Social Networking

Today, the world of communication looks totally changed then twenty years ago. It is amazing how recently the internet and social networks have taken over the way we interact. Amazingly, Twitter has only been around for five years. Yet it has well over 10 million users!

I’ve been trying out different social networks myself, because I find it enjoyable to study different ways of communication. So I’ll go through each of the ones I’ve tried so far, and give you my two cents.

This list is by no means complete, but are a list of social networking sites that I’ve used, or are familiar with.

Skype

Skype is chat software that allows you to chat, call, or have a video conference with other Skype users. I personally think that Skype is the best in all it’s respective fields. It is cross-platform compatible as well as lightweight and stable. It is widely used, and it can even be used to call phones if you pay. Skype can even be used on mobile devices like smart phones and the ipad. Other networks typically have chat features, but I’ve never seen any other network as complete as Skype.

Twitter

Twitter is designed to be a way to communicate your everyday experience with the world. Each post is called a tweet, which can be no more than 140 characters long. This makes it necessary to “tweet” short thoughts or ideas rather then long articles like blogs.

I enjoy using twitter because it is very fast and easy to use. It is easy to upkeep, and it can be used for a wide variety of things including news, resources, and for me, latest technology 🙂

Facebook

Facebook was the second social network I joined. I was nervous because I have heard a lot of bad things about Facebook. Once I got an account, I found that it has a lot to do with what you let people know, and how strict your privacy settings are. It also helps when you realize that about 1 in every 5 people are on Facebook so there will always be a lot of scams and scares simply because there are so many people on.

Facebook works kind of like Twitter, except you can have posts longer than 140 characters. This makes Facebook like a cross between Blogs and Twitter.

The main advantage to Facebook is that so many people are on it. I’m not incredibly impressed by Facebook as a whole, but from the standpoint of being able to have a large following, it doesn’t get any easier than Facebook.

Youtube

Once again, like Facebook, Youtube has a mass of users so anything you post is able to be seen by multitudes. For the few who don’t know, Youtube allows you to upload videos onto your own “channel” on the internet. Then people can find your video by searching Youtube, or Google.

Vimeo

Vimeo is like Youtube, but there are not quite as many users, and the videos tend to be art-based or have an artistic bent, while Youtube has a little bit of everything.

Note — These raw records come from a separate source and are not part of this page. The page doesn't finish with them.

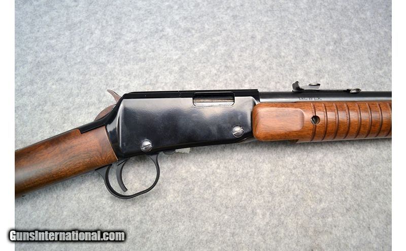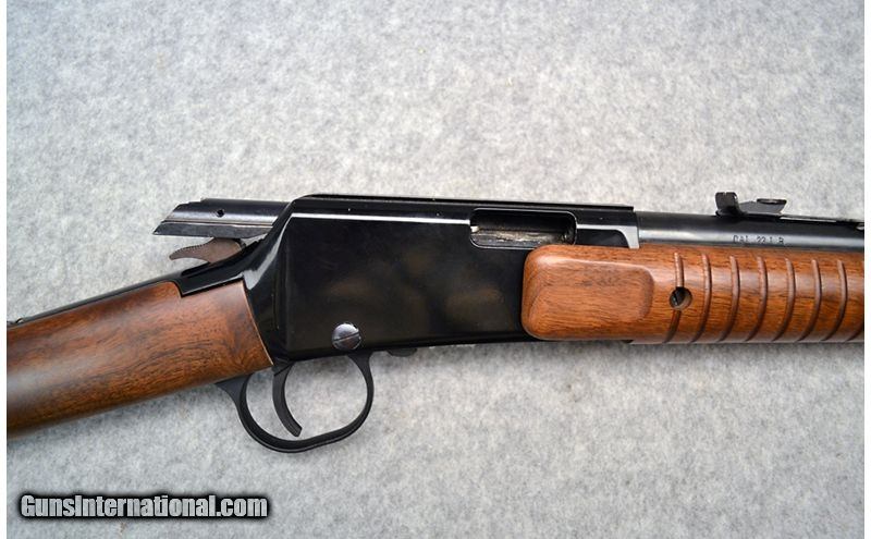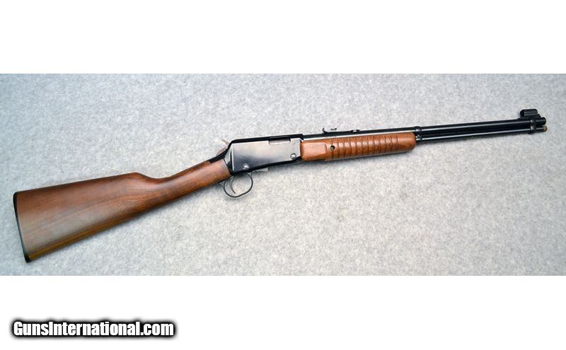 Description: The Henry Pump Action .22LR is one gun that is built for fun. It sports a grooved receiver for mounting a scope, and Marbles semi-buckhorn fully adjustable rear sights with standard 3/8" dovetail slots enabling you to change sights if you choose to do so. It also comes with a hooded front sight. Beautifully finished American walnut is used for the stock. The .22LR version can hold 15 rounds of .22LR. If you must extract an unfired cartridge from the chamber, we have included a grooved release button at the right front of the trigger guard. When pressed back, the lever unlocks the forend allowing it to be retracted to eject the unfired round. This gun is in excellent overall condition. Includes factory box. .22 Long Rifle SOLD Barrels: 18" with 1:16 Twist Weight: 6 lbs. Sights: Marbles Semi-Buckhorn Adjustable Rear and Fix Hooded Blade Front Item Location: christiana |
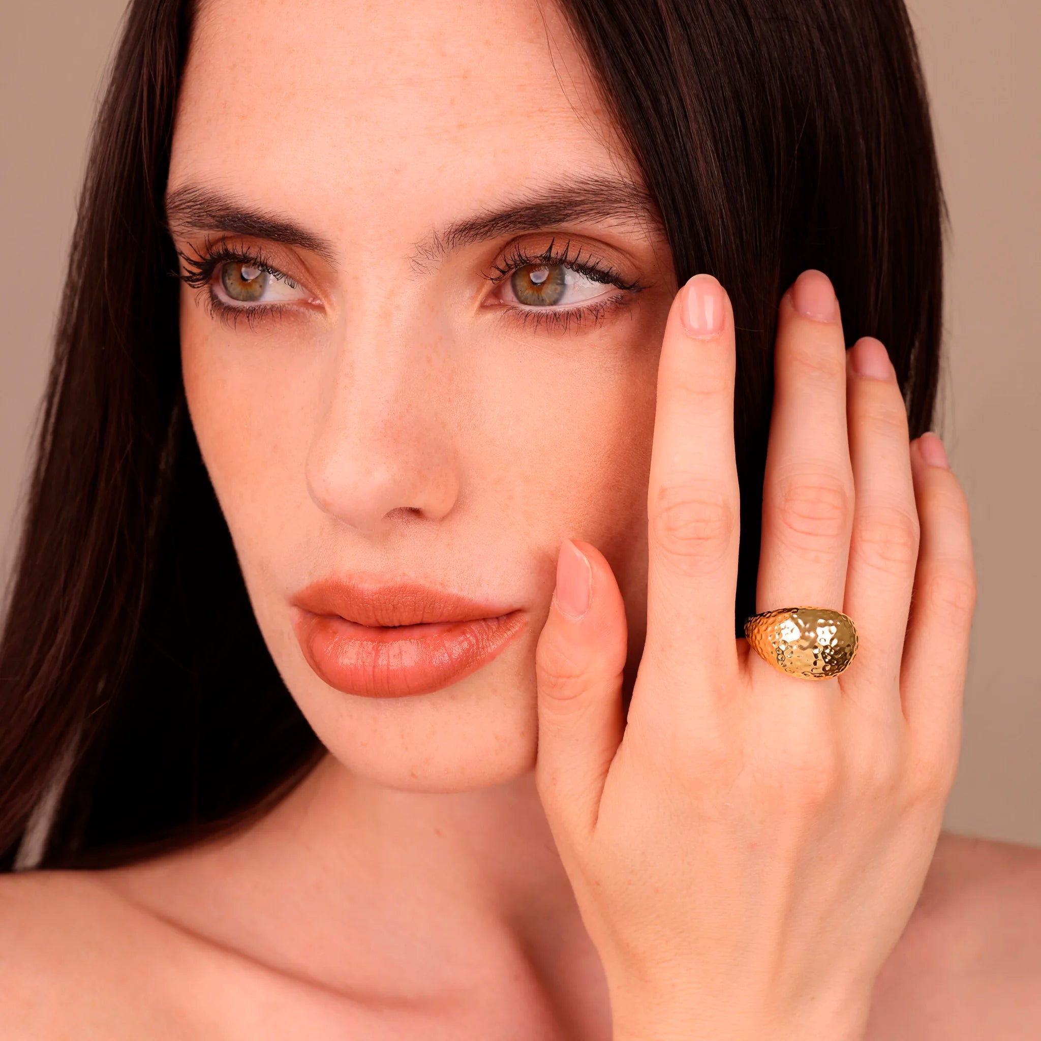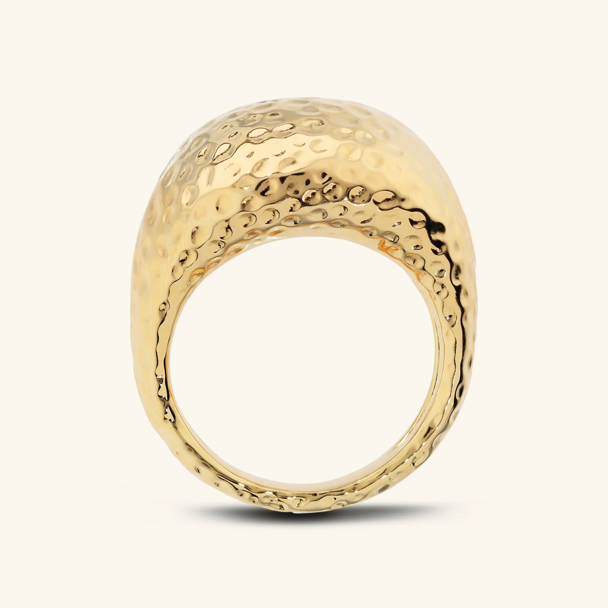 Bague cocktail Etrusca Gioielli réalisée en alliage Golden, plaquée or jaune 18kt, avec une surface finement martelée. Finition brillante.
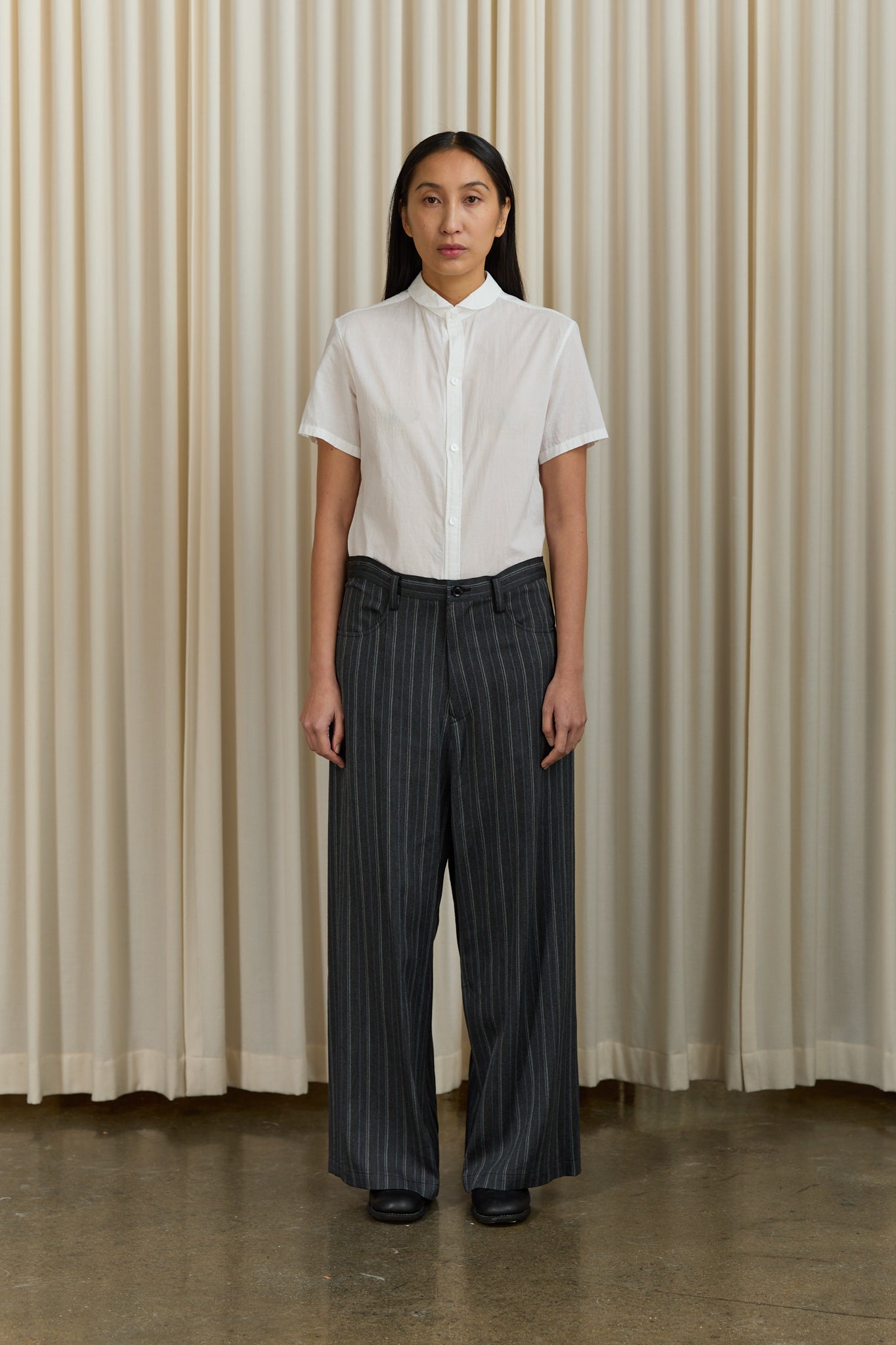 Worn with Y's by Yohji Yamamoto Cotton Round Collar Shirt in White and Guidi 992MS Classic Derby in Black.
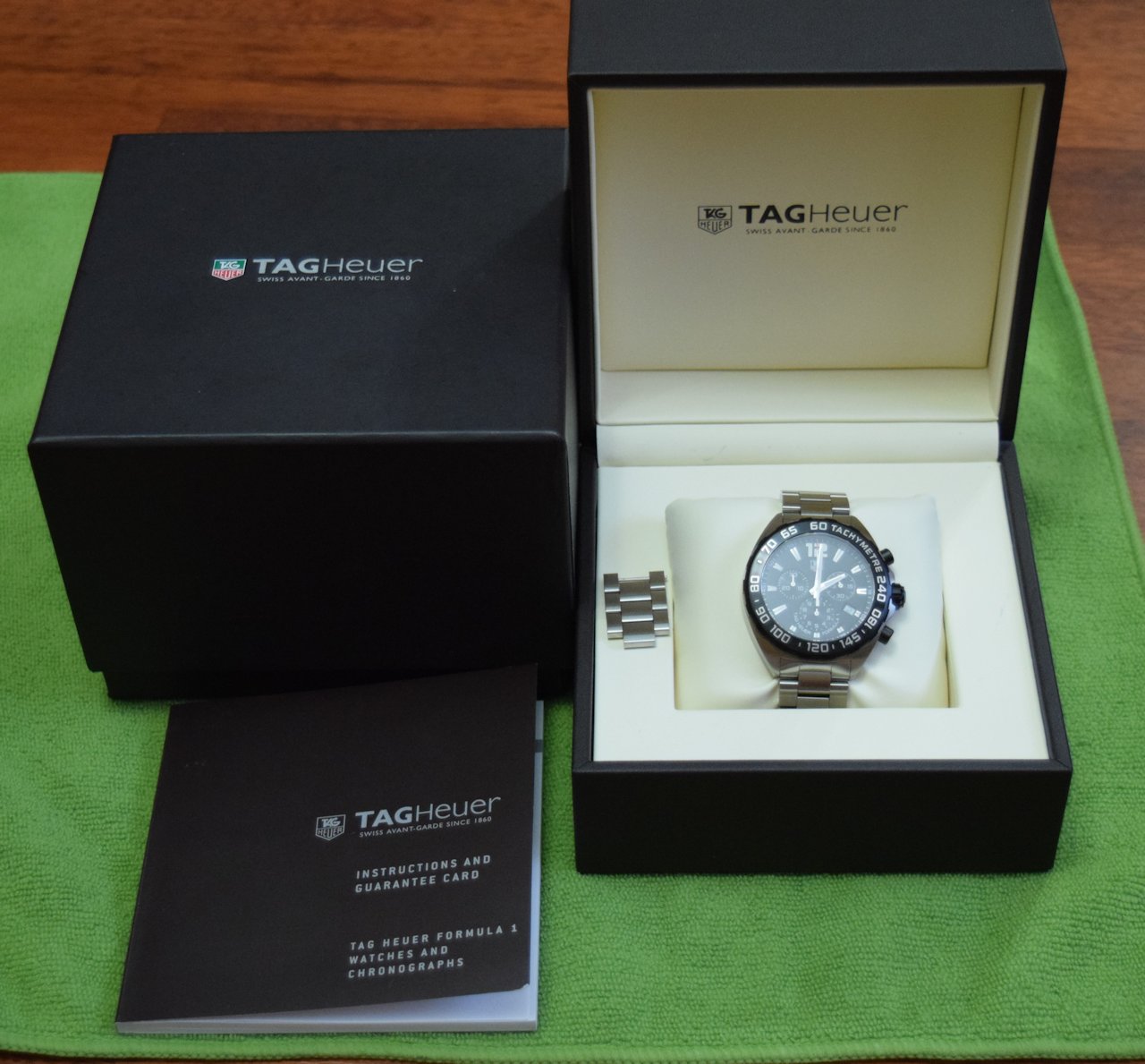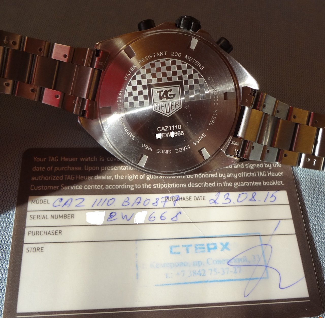 Продам отличные часы на каждый день, кварцевый хронограф Tag Heuer Formula 1 CAZ1110.BA0877. Куплены в августе 2015г. у оф. представителя марки в РФ. Комплект полный. Состояние, в целом отличное, на браслете практически не носились, по корпусу - достаточно заметны только следы на задней крышке и микроскопическая вмятинка на "0" цифры "70" безеля (на фото даже не видно).

I use Youtube, but I don’t see too much issue with using Vimeo except that they may have some questionable terms of use (read the fine print).

Flickr

Flickr allows you to upload pictures to the internet. I use this as my primary place to upload pictures however, you can use Facebook and many other social networks to upload and organize your pictures.

There are other websites that work like Flickr like Picasa, Photobucket and Deviantart. But I’ve not used any of these.

Tumblr

I just started using Tumblr. So far, I see Tumblr as an excellent mix of most of the other social networks. I really like it’s simplicity, as well as it’s attention to ascetics. The way in which themes are created makes it possible to have hundreds and hundreds of themes to choose from. I’ve just got on this social networking site, so I obviously am just giving you first impressions, but so far, I would highly recommend Tumblr as a micro-blogging (or short blog posting) platform.

Blogs

Blog is short for web log. What this means is that blogs are personal websites designed to be like online journals. There are many different blog engines that you can choose from, but I’m going to talk about the one I use which is WordPress.

WordPress is a diverse, and robust bloging engine that can be used for much more then just blogging. Many people use WordPress as content managment system for their websites. This means they can edit content on their website the same way as you would with a WordPress blog.

I would recommend this engine for users who want power under the hood of their blog, or who want a tried and true method of blogging. The only disadvantage I see to WordPress is that it costs money to be really powerful. For those who want a simple, and elegant blog, I would recommend trying Tumblr before trying others like WordPress or Blogger.

As I said before, this is in no way a complete list of networks, but it covers the major ones, and I hope it’s been helpful in explaining what each one does.